-- Information shown follows --

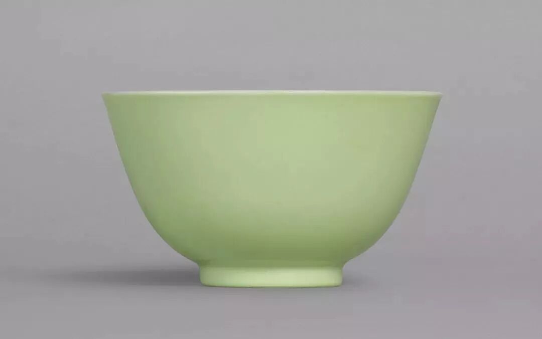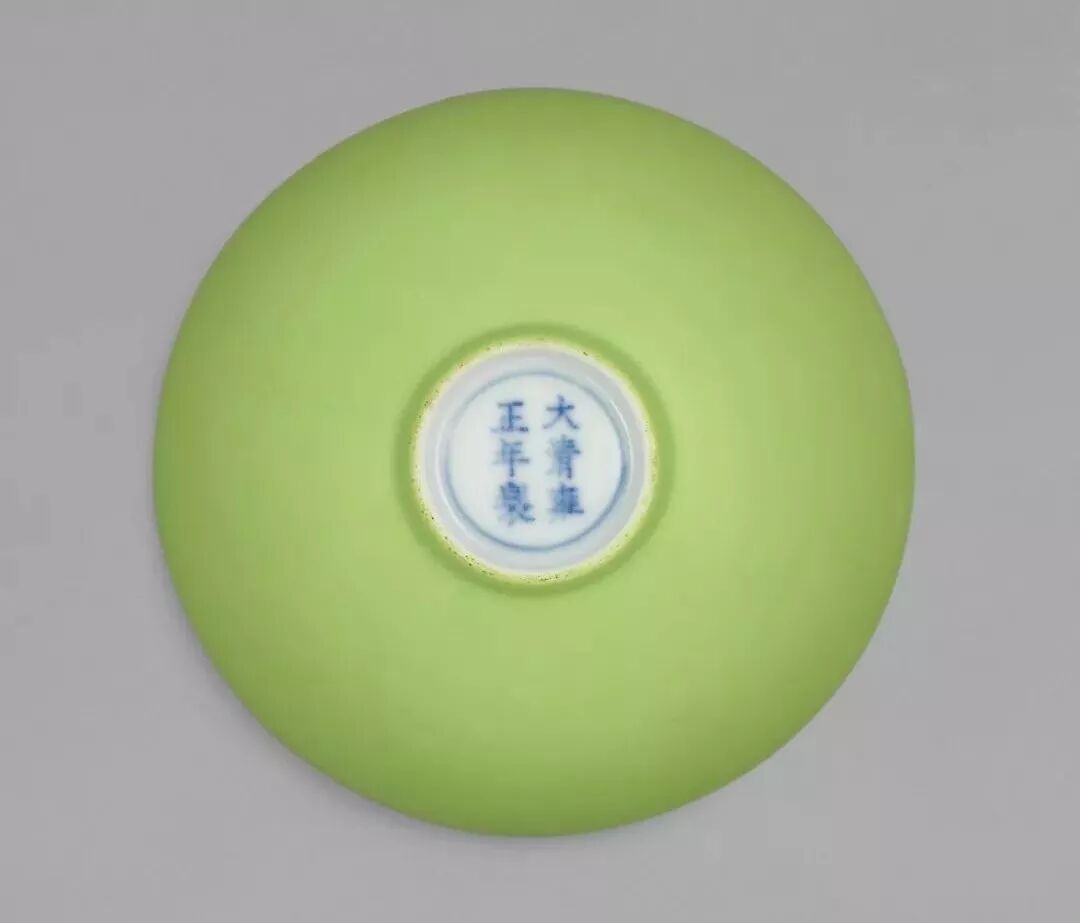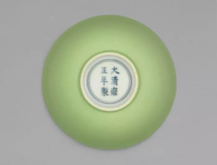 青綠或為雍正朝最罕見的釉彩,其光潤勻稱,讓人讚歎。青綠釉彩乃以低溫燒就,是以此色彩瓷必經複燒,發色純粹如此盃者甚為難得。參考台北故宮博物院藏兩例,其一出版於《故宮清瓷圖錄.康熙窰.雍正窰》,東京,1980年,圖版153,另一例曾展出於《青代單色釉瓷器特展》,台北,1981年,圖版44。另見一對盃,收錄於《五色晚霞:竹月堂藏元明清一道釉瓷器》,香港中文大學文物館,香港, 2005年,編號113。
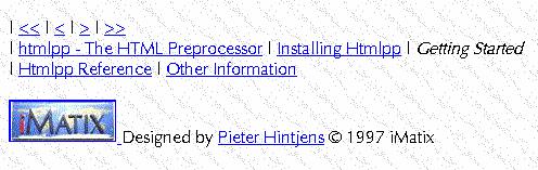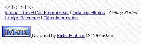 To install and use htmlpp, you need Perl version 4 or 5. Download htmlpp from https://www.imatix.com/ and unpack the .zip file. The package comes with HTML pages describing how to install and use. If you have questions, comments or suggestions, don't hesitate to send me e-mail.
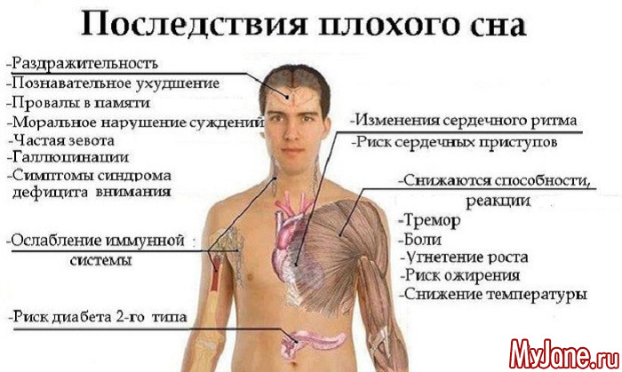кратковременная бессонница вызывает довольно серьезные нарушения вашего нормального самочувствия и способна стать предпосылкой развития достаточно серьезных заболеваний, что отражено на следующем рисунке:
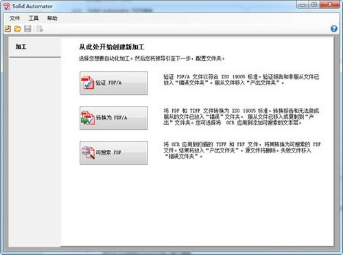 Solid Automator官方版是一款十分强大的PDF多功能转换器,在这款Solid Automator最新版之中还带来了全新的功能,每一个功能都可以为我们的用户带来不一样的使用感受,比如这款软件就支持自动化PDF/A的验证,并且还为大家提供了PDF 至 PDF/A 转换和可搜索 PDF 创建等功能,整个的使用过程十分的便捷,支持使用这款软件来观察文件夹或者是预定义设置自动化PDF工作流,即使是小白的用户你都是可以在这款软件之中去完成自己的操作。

-- Information shown concluded --

Task brief: All of the data above is to be repeated exactly, with the pictures left out.

Answer below:
 青綠或為雍正朝最罕見的釉彩,其光潤勻稱,讓人讚歎。青綠釉彩乃以低溫燒就,是以此色彩瓷必經複燒,發色純粹如此盃者甚為難得。參考台北故宮博物院藏兩例,其一出版於《故宮清瓷圖錄.康熙窰.雍正窰》,東京,1980年,圖版153,另一例曾展出於《青代單色釉瓷器特展》,台北,1981年,圖版44。另見一對盃,收錄於《五色晚霞:竹月堂藏元明清一道釉瓷器》,香港中文大學文物館,香港, 2005年,編號113。
 To install and use htmlpp, you need Perl version 4 or 5. Download htmlpp from https://www.imatix.com/ and unpack the .zip file. The package comes with HTML pages describing how to install and use. If you have questions, comments or suggestions, don't hesitate to send me e-mail.
кратковременная бессонница вызывает довольно серьезные нарушения вашего нормального самочувствия и способна стать предпосылкой развития достаточно серьезных заболеваний, что отражено на следующем рисунке:
 Solid Automator官方版是一款十分强大的PDF多功能转换器,在这款Solid Automator最新版之中还带来了全新的功能,每一个功能都可以为我们的用户带来不一样的使用感受,比如这款软件就支持自动化PDF/A的验证,并且还为大家提供了PDF 至 PDF/A 转换和可搜索 PDF 创建等功能,整个的使用过程十分的便捷,支持使用这款软件来观察文件夹或者是预定义设置自动化PDF工作流,即使是小白的用户你都是可以在这款软件之中去完成自己的操作。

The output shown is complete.